Сен-Клер энергично кивнул.
— Да, единственный грех, связанный с мытьём, — это лицемерие и невежество, заставляющие христиан отрицать его ценность. Скажите мне, однако, в чём ещё вы видите превосходство мусульман?
— Превосходство над нами? Ты уверен, что хочешь об этом услышать?
— Может, и нет, если вы так ставите вопрос... Но «мы» — это братство Сиона, и речь идёт не о нас. Я хочу знать, в чём ещё сарацины превосходят христиан.
— О, теперь понимаю. Да, тут есть различие. Дай мне подумать. Пожалуй, следует начать с чести — с истинной чести, твёрдой, нерушимой, незыблемой, какую редко встретишь в наши дни среди христиан. Сарацинам присуще это благородное качество, тогда как для многих франков, начиная с королей и кончая простыми копейщиками, честь — всего лишь слово, предназначенное для того, чтобы морочить головы глупцам. То же самое относится и к честности — понятию, настолько тесно связанному с честью, что одно не может существовать без другого. К этому близко примыкает и верность — верность идеалам, долгу, слову и высоким (воистину высоким) целям.
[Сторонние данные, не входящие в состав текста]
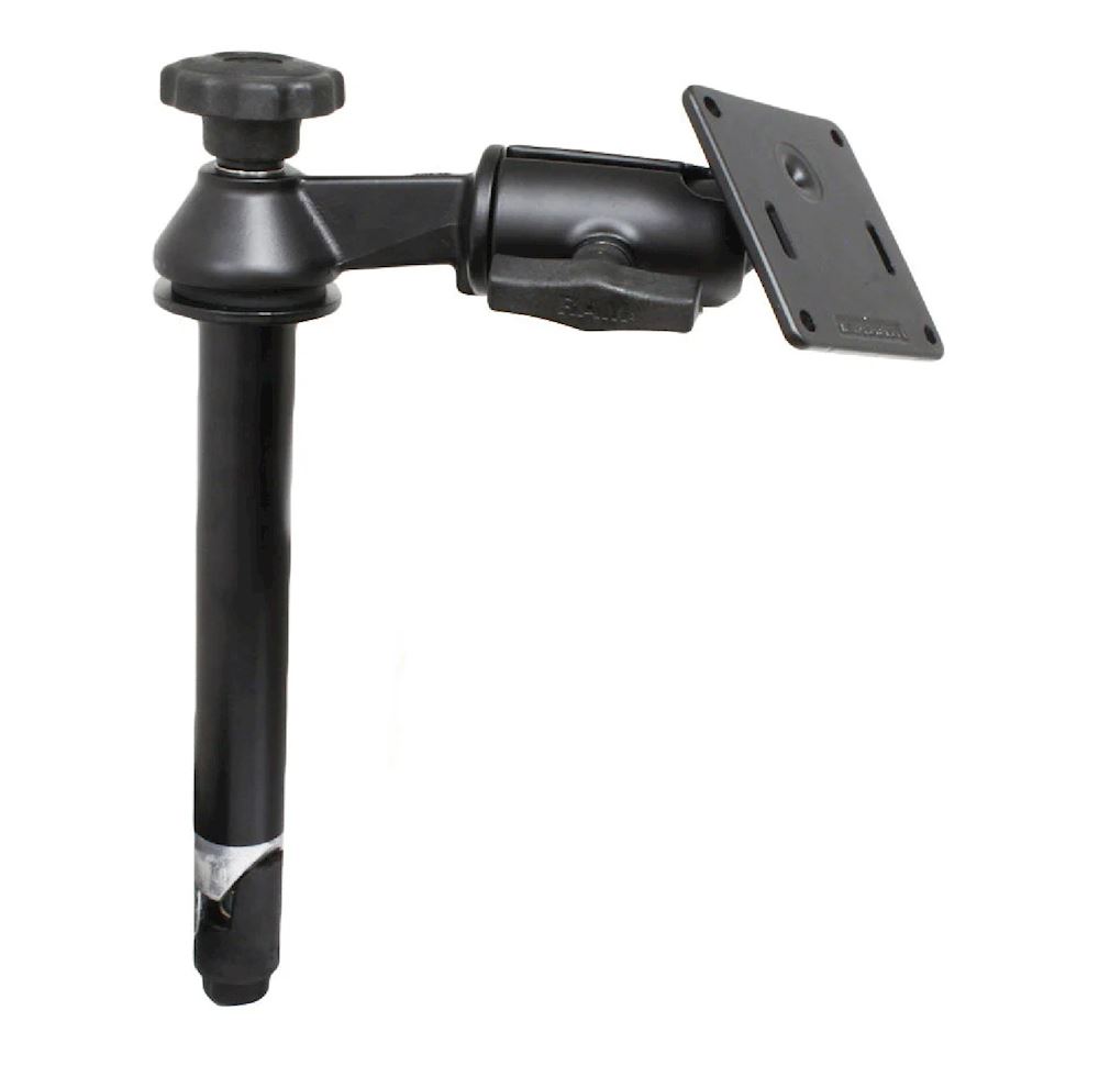 The RAM-VP-SW2-8-2461 consists of a 8" upper male Tele-Pole™, single swing arm and 3.625" square base that contains the VESA hole pattern. The Tele-Pole™ can be easily adjusted by turning the knob at the top of the post. Once the knob has been tightened, the Tele-Pole™ becomes a rigid support for connecting devices or cradles. The Tele-Pole™ will connect to any RAM vehicle base with a welded female Tele-Pole™. The length of the double swing arm is 6". The 3.625" square base includes a 75mm X 75mm VESA hole pattern with 1.5" rubber ball positioned 0.88" from the center of one edge.

Я умолчу о добродетелях воина, ибо добродетели эти — отвага, смелость, стойкость, милосердие и сострадание (хотя последние два слова, пожалуй, не стоило бы произносить) — проявляются на поле битвы в равной степени обеими сторонами... И это ничего не говорит о мудрости мусульман или христиан. Нет, пожалуй, я ограничусь перечислением чести, честности и верности. Сарацины обладают всеми этими качествами в большей степени, нежели христиане-франки.
Сен-Клер кивнул.
— Тогда объясните вот что, потому что для меня это пока загадка. Вы говорили, что всё это открылось вам невольно, когда вы находились в руках сарацин. Однако иметь дело с исламом и мусульманами, сынами пророка, вам приходилось и прежде, с тех пор как вы прибыли сюда. Так почему вы не узнали обо всём этом раньше? Вы должны были хоть как-то почувствовать это.
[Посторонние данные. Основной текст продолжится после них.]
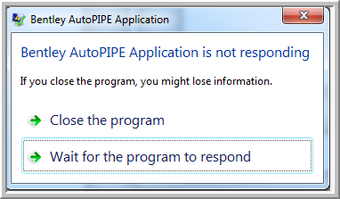 Bentley AutoPIPE Application is not responding

— Не совсем так. До плена мои отношения с исламом никак не затрагивали сарацин. Я имел дело с ассасинами, а они — шииты, их учение больше распространено среди персов. Мало того, мне доводилось в основном иметь дело лично с Рашидом аль-Дином Синаном, Горным Старцем, а он, как и вся его братия, не из тех, с кем приятно общаться. Ассасины, как и все фанатики, упорны, прямолинейны, лишены чувства юмора, безжалостны и неспособны к состраданию. Они во многом походят на своих «собратьев» — храмовников. За те годы, что я имел дело с Горным Старцем и его приспешниками, я вёл себя честно и ожидал в ответ той же честности и щепетильности. Мне никогда не приходилось усомниться в верности ассасинов своему вождю и неукоснительном исполнении ими соглашений, но при этом в голову не приходило примерять к ним понятия чести и благородства в том смысле, какой они имеют для меня. Возможно, у ассасинов на сей счёт имеются собственные представления, но тогда мне ничего не удалось об этом разузнать. Лишь оказавшись волею судьбы среди сарацин и познакомившись с аль-Фарухом, я прозрел и увидел всё в истинном свете.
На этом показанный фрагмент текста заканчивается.